Last month, I kicked off a new series where I sit down with forward-looking business and IT leaders to talk about digital transformation inside their companies. It’s been an insightful, and in many ways inspiring, few weeks on the road.
In my conversations with executives about their digital transformations, I keep hearing one word come up time and time again. Much to my surprise, it’s not “disruption.” It’s not even “APIs.”
Across different cities and contexts (including during Adapt or Die San Francisco, an event held by my employer, Apigee), change agents have repeatedly emphasized that the best way for organizations to adapt to digital is to start by enabling the people within the organization to adapt to digital.
Jody Mulkey, Chief Technology Officer at Ticketmaster, connected the dots on how and why this model works in way that really hit home.
For context, the scope of digital transformation at Ticketmaster is about as big as they come. While some of us may associate the company with “Ticketmaster.com” and the World Wide Web, the company was actually founded back in 1976.
Fast forward nearly half a century and today you have a company whose digital ambitions are on par with GE’s aim to “build the platform for the industrial Internet.” For Ticketmaster, the goal is to “build the operating system for live entertainment.” (As a musician as well as a geek, I happen to think this gives Ticketmaster some extra cachet.)

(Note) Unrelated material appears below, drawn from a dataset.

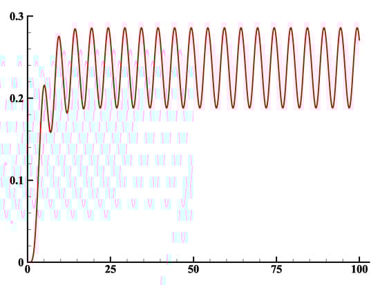The elastic structure density is = 500 kg m, the Young’s modulus is E = 250 Pa and the Poisson coefficient is . The fluid is considered as incompressible. Neumann boundary conditions are imposed on the two holes localized at the top of the vertical walls. As we resolve at the same time the velocity field and the displacement field in the fluid and the elastic membrane, respectively, using a fixed grid, we have to take a relatively large thickness for the membrane (2% of the cavity length) compared to other simulations of the literature, in order prevent a use of a very fine grid. The solution is obtained from zero fields from the system of Equation (5).

Mulkey’s personal credentials aren’t exactly beanbag either. Inspired by technology since programming on a TRS-80 in the 1980s (it takes something special to have been “inspired” by that particular experience), he joined Ticketmaster after 10-plus years as an executive at Internet startup Shopzilla. There, as he explained in words that will sound familiar to anyone who has ever worked at a startup, “We needed to know how our market’s dynamics were changing at any given moment. Staying alive meant being able to pivot to a new business model on the fly.”

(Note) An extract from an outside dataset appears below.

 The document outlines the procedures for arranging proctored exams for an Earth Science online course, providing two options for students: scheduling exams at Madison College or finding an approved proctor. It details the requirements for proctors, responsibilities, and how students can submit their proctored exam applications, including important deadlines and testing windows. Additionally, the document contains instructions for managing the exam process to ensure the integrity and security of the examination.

So, how did Ticketmaster’s APIs contribute to more than 530 million ticket transactions in 2015?
Rather than coming in and asserting a strong point of view on mobile, digital, cloud and how they can all come together to create new customer experiences (which he had), Mulkey took a different approach: He started out by interviewing people; dozens of people from all across the company, with different roles and points of view.